São quase 10 anos desde quando a Lei 12.965, conhecida como Marco Civil da Internet, veio para mostrar definitivamente que a internet não é uma terra sem lei no país. Desde então, foram muitos os avanços tecnológicos, que provocaram intensas mudanças nas relações, nos meios de produzir e nos parâmetros que tínhamos ao conviver com a nova realidade digital, especialmente por meio das mídias sociais.
Diante de transformações aceleradas e inovadoras, começaram a surgir lacunas resultantes do fenômeno de rápida obsolescência legislativa. Isso porque o Direito precisa conseguir acompanhar a velocidade das mudanças causadas pela inovação tecnológica sob pena de não garantir mais segurança jurídica-social. Tanto que os ministros Luiz Fux e Dias Toffoli convocaram uma audiência pública para debater as regras do MCI, realizada nesta semana em Brasília, na qual pude contribuir como uma das participantes.

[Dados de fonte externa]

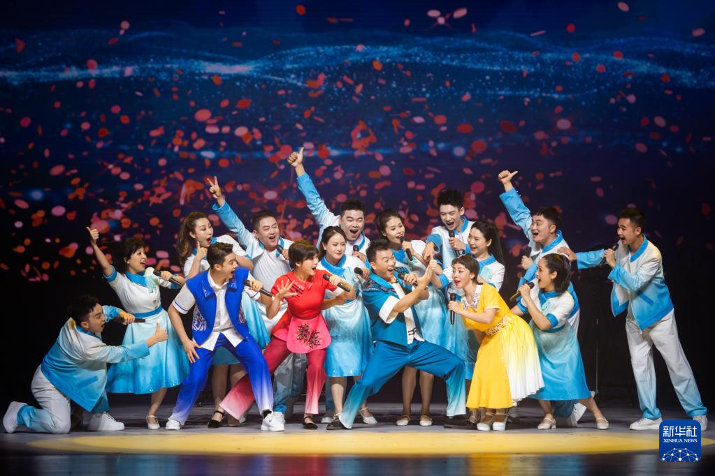 5月10日,演员在舞台上表演节目《太阳晒在山坡坡》。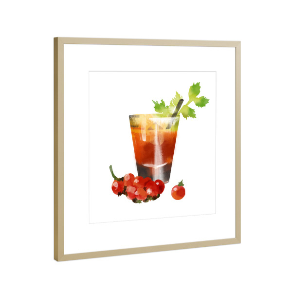Poster mit Rahmen Gold "Bloody Mary 3" artboxONE - Abstrakt - Cocktail,Getränk,Getränk,Bar,Wodka,Zitronensaft,Tabasco,Tomatensaft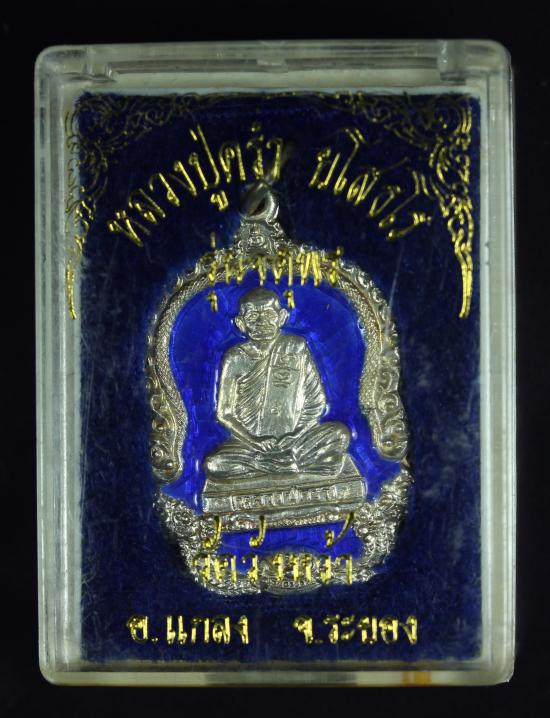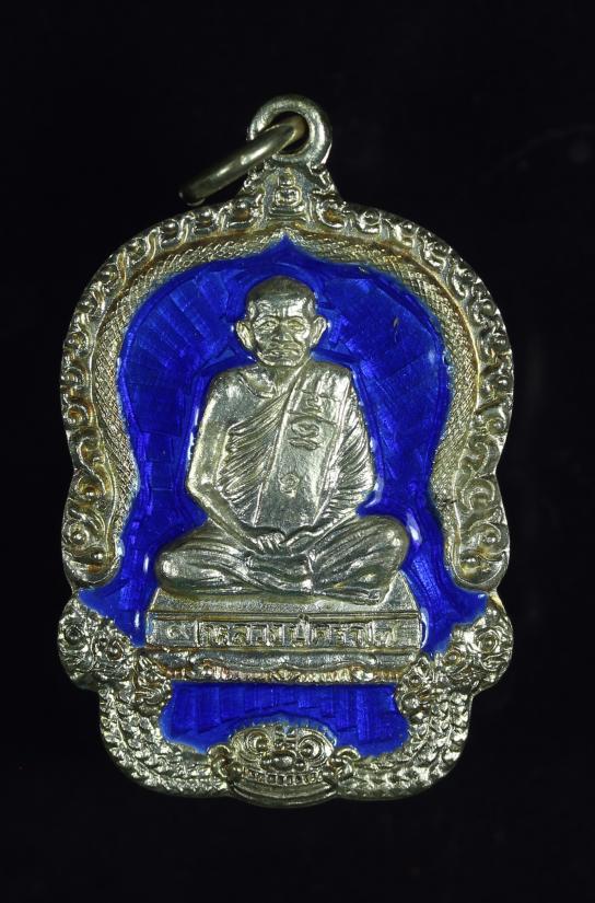 +++ เหรียญเนื้อเงินลงยาสีน้ำงิน หลวงปุ่คร่ำ กล่องเดิม +++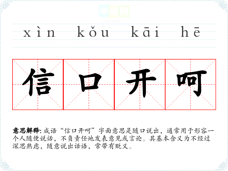 成语“信口开呵”字面意思是随口说出,通常用于形容一个人随便说话,不负责任地发表意见或言论。其基本含义为不经过深思熟虑,随意说出话语,常带有贬义。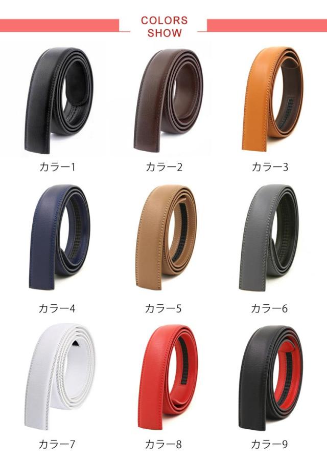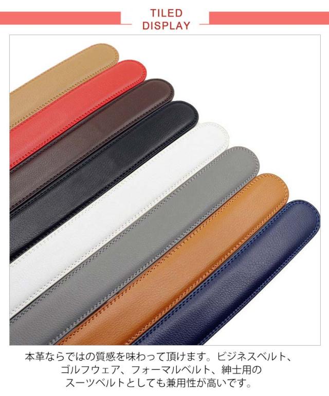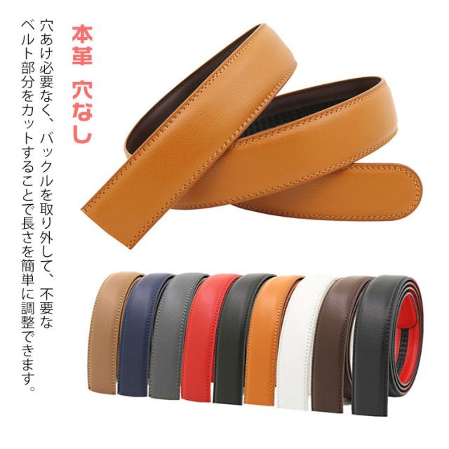 ベルト バックルなし ゴルフ メンズ ベルトのみ 35mm 本革 穴なし 帯のみ 革のみ 交換用 替えベルト ベルト革のみ 無段階 オートロック ワンタッチ ズボン用 ゴルフ用 大きいサイズ 革 黒 茶色 オレンジ 130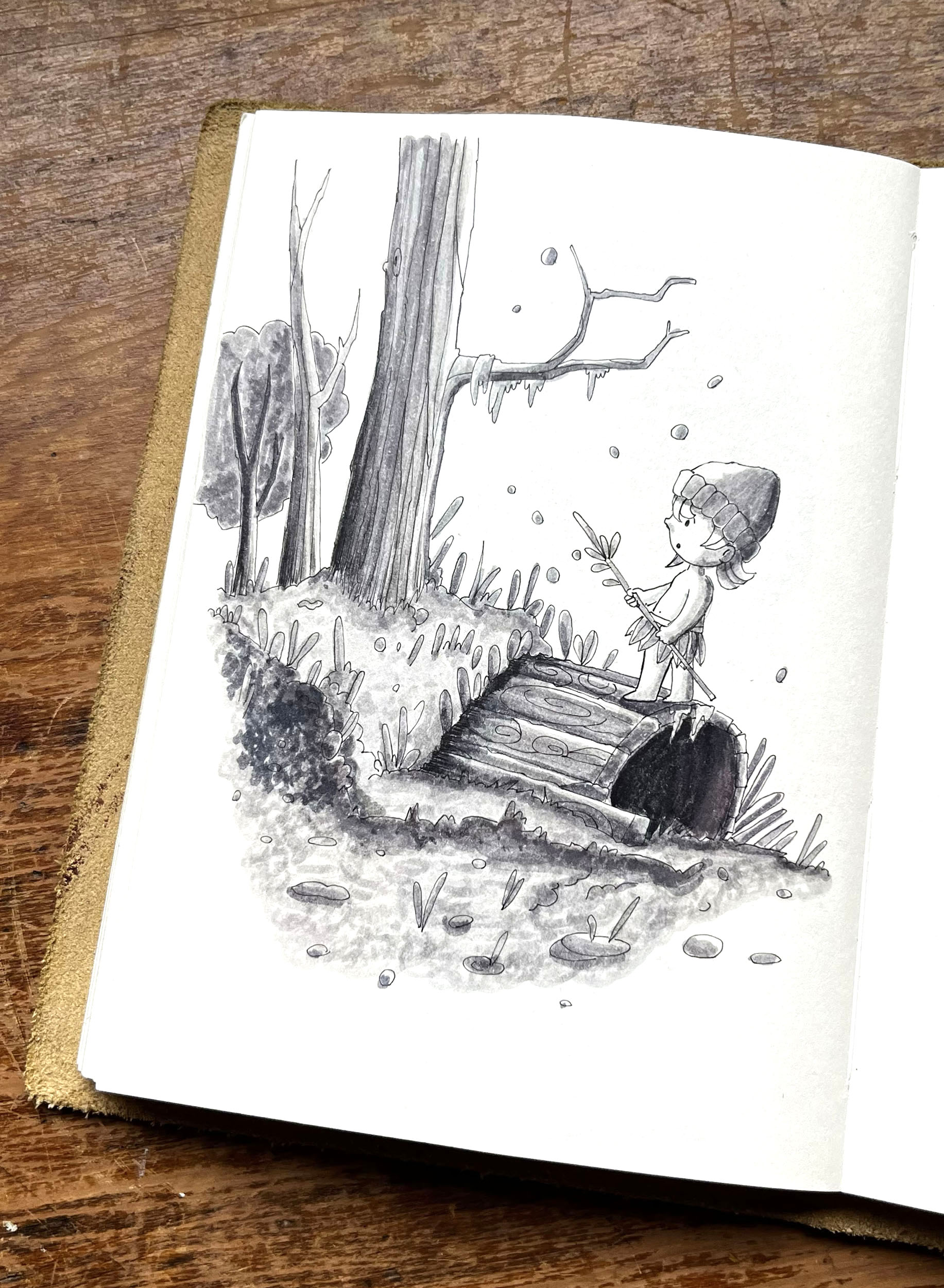 O traço busca equilíbrio entre delicadeza e expressividade, com atenção especial às expressões do personagem, aos gestos sutis e aos elementos simbólicos da natureza, como penas, animais e paisagens, que reforçam o universo poético da obra.

É natural que de tempos em tempos o Estado analise os novos riscos para trazer soluções que possam proteger o cidadão, garantir a livre concorrência e fomentar o desenvolvimento econômico-social sustentável. O STF é o protetor da constituição, e por isso atua para garantir os direitos fundamentais. Nesta conjuntura, inclui encontrar meios de harmonizar a liberdade de expressão, sem ferir a dignidade humana.
Ou seja, envolve tanto aplicar a lei já existente, como preencher lacunas enquanto não é atualizada pelo legislativo. Afinal, que internet queremos para o futuro?
Com toda certeza um dos pilares principais é o da transparência. Vivemos a "Economia do Tempo", onde os ganhos das empresas são resultado do tempo gasto pelo usuários, assim como pelo que produzem e consomem nessas redes. Parte de um arranjo pensado para beneficiar essas companhias a partir do engajamento de quem navega e gasta seu tempo ali. Quanto mais tempo, mais monetização.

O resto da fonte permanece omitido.